On-line version ISSN 0718-381X

Abstract

MUNOZ LOPEZ, Daniela; BUGUENO VALDEBENITO, Isaac Maximiliano; ROMO ORMAZABAL, Fernando  and  GARRIDO-URRUTIA, Constanza. Secondary Bruxism after Recreational Ecstasy Consumption: A Review. Int. J. Odontostomat. [online]. 2015, vol.9, n.2, pp.213-218. ISSN 0718-381X.  http://dx.doi.org/10.4067/S0718-381X2015000200006.
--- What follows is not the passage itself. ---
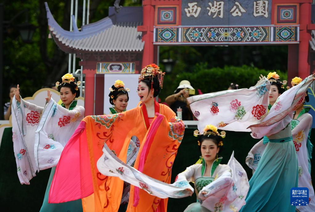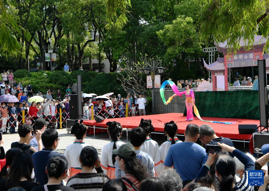 4月15日,在福州西湖上巳節啟動儀式現場,市民游客在觀賞舞蹈《天女散花》。

Methylenedioxymethamphetamine (MDMA) or Ecstasy is a synthetic drug accidentally isolated in 1914, finding in it no specific medical use. The WHO considers it as a psychotropic drug and it is illegal in several countries, including Chile. According to the Global Synthetic Drugs Assessment, the use of ecstasy has increased steadily in Latin-America between the years 2008 and 2012, and studies in Chile show ecstasy as a "new drug", with an increased consumption in the 19-25 year-old age group. The concept of bruxism in dentistry has changed over time, moving to a multifactorial etiology where central factors, such as pathophysiology have a major role. Several authors report bruxism as a side effect of ecstasy consumption, at a rate of between 50 and 89%. This can be explained by the fact that MDMA acts centrally inducing imbalance at the level of serotonergic and/or dopaminergic pathways, as it occurs in bruxism. Since the United Nations Office on Drugs and Crime warns of a significant and progressive increase in the consumption of recreational ecstasy in young Chilean adult population, it is important to know there are oral implications in order to have better dental management, and further studies are necessary in order to determine an actual association between ecstasy consumption and secondary bruxism.

Keywords : MDMA; Ecstasy; bruxism; secondary bruxism.